Long gone will be the days where the manual "copy/paste" actions will be needed to transfer your information to a new CV Template thanks to the cvExtractor. This python script will identify the various components from the TalentLink CV (important, as it only works with talentLink profiles for now) and transform them into a JSON file under the FRESH schema which can then be ran through hackmyresume to apply the data to a different template. Stay tuned for updates on completion of Europass template...

Like the idea? Let's see how it works!

cvExtractor is designed to be simple and easy to use. Below is a step by step guide that will help with the installation and running of the program.

Step 1: Download

Download the contents of the git repository to desired location on your computer. (The shorter the path, the easier)

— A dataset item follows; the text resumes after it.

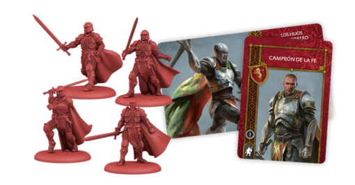 Los Hijos del Guerrero han renunciado a sus muchos títulos para servir a los Siete y han consagrado sus dotes caballerescas y la fuerza de sus armas al Septón Supremo y la noble causa de la Fe. Su pesada armadura y sus afiladas espadas, combinadas con su inquebrantable devoción, los convierten en una vanguardia perfecta para cualquier formación de Fieles. Ya sea en asalto o en defensa, se puede confiar en que los Hijos avanzarán o mantendrán la posición con igual maestría. Incluso cuando son aventajados por innumerables enemigos, los Hijos permanecen inalterables. Cuanto más desesperada es la situación, más resuenan sus oraciones. Y esas oraciones nunca caen en oídos sordos.

Also download your CV from talentlink as a .txt file, and save it in a folder called CVs inside the same folder containing the newly downloaded cvExtractor repository.

Capture

Step 2: Running the script

Once you've set up the previous step, the script should be able to run and generate an output JSON file inside the folder under the name results_filename.json where filename is the name of the .txt file containing your talentlink CV

Step 3: Applying extracted data to new templates

In order to manage this final stage, a few preparations need to be taken:

1.Download and install the latest version of Node.js

2.Now in terminal, you can install hackmyresume with the following command:

npm install hackmyresume -g

once everything is correctly installed, you can proceed to the next step.

When you are ready to generate your resume, you will need to reference the location of the folder as you installed it:

hackmyresume build results_filename.json TO out/resume.all -t positive

and you should see a terminal that looks somewhat like this:

snapshot1

If the above image looks familiar then congratulations! You have successfully generated a new resume in various formats (html, doc, json, yml) and will find these in your folder under a folder called 'out'.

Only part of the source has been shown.